# 2011 Burton Hardgoods Catalog



## SchultzLS2 (Jan 10, 2010)

Spoilers:

No More:
-Fix
-X8
-Condom
-Dominant
-Se7en

All V-Rocker and Camber

And here it is: http://m-z.ru/ftp/adrenalin/cat/burton/hardgoods_11.pdf


----------



## Guest (Feb 8, 2010)

Jesus christ huge pdf O.O


----------



## SchultzLS2 (Jan 10, 2010)

ya its 43 MB. Not for people with 56K. Was a 5 min download for me.


----------



## Guest (Feb 9, 2010)

3min for me. Oh yeah!!!

My life is so sad.


----------



## Texas Exclusive (Feb 2, 2010)

Wow thanks for sharing, made my day. :thumbsup:

Where can you buy this mag/catalog?


----------



## SchultzLS2 (Jan 10, 2010)

Texas Exclusive said:


> Wow thanks for sharing, made my day. :thumbsup:
> 
> Where can you buy this mag/catalog?


No idea where you can get it. Contact burton is my best answer.

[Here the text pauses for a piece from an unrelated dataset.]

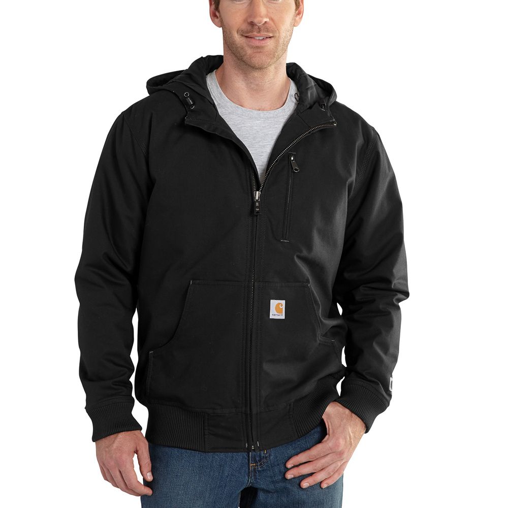 8.5-ounce, 60% cotton/40% polyester canvas 30% lighter and ounce-for-ounce as durable as sandstone Nylon lining quilted to 80-gram 3M Thinsulate Insulation in body and sleeves Attached quilt-lined hood with draw-cord closure Two inside pockets Triple-stitched main seams
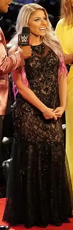 Alexis Cabrera[6] (née Kaufman; born August 9, 1991) is an American professional wrestler. She is currently signed to WWE, where she performs on the Raw brand under the ring name Alexa Bliss. In 2013, Bliss signed a contract with WWE and was assigned to their Performance Center and developmental brand NXT. She made her main roster debut on the SmackDown brand in 2016, later becoming a two-time SmackDown Women's Champion and the first woman to hold the title twice.

My cousin sent this to me.


----------



## Mr. Polonia (Apr 5, 2009)

yes i know no x8 next yr. i was truly pissed when i asked the burton demo guys in vermont last week.

but i did see the custom x which looks fucking supreeeemmmeee


----------



## Guest (Feb 9, 2010)

Still waiting for the Restricted boards. Especially the Easy Livin.


----------



## Mr. Polonia (Apr 5, 2009)

great find brotha....it gives a lot of detail abt everything

:thumbsup::thumbsup::thumbsup:


----------



## Guest (Feb 9, 2010)

i told you guys burton sucks.


----------



## SchultzLS2 (Jan 10, 2010)

Just bringin this to the top for people to check out.

PS - Burton doesn't suck.


----------



## Leo (Nov 24, 2009)

SchultzLS2 said:


> All V-Rocker and Camber
> 
> And here it is: http://m-z.ru/ftp/adrenalin/cat/burton/hardgoods_11.pdf


Not true. It is Camber, V-Rocker, and Flying-V

BTW: Burton indeed does not suck. Especially for 2011. Their Flying-V boards are just so damn fun to ride. 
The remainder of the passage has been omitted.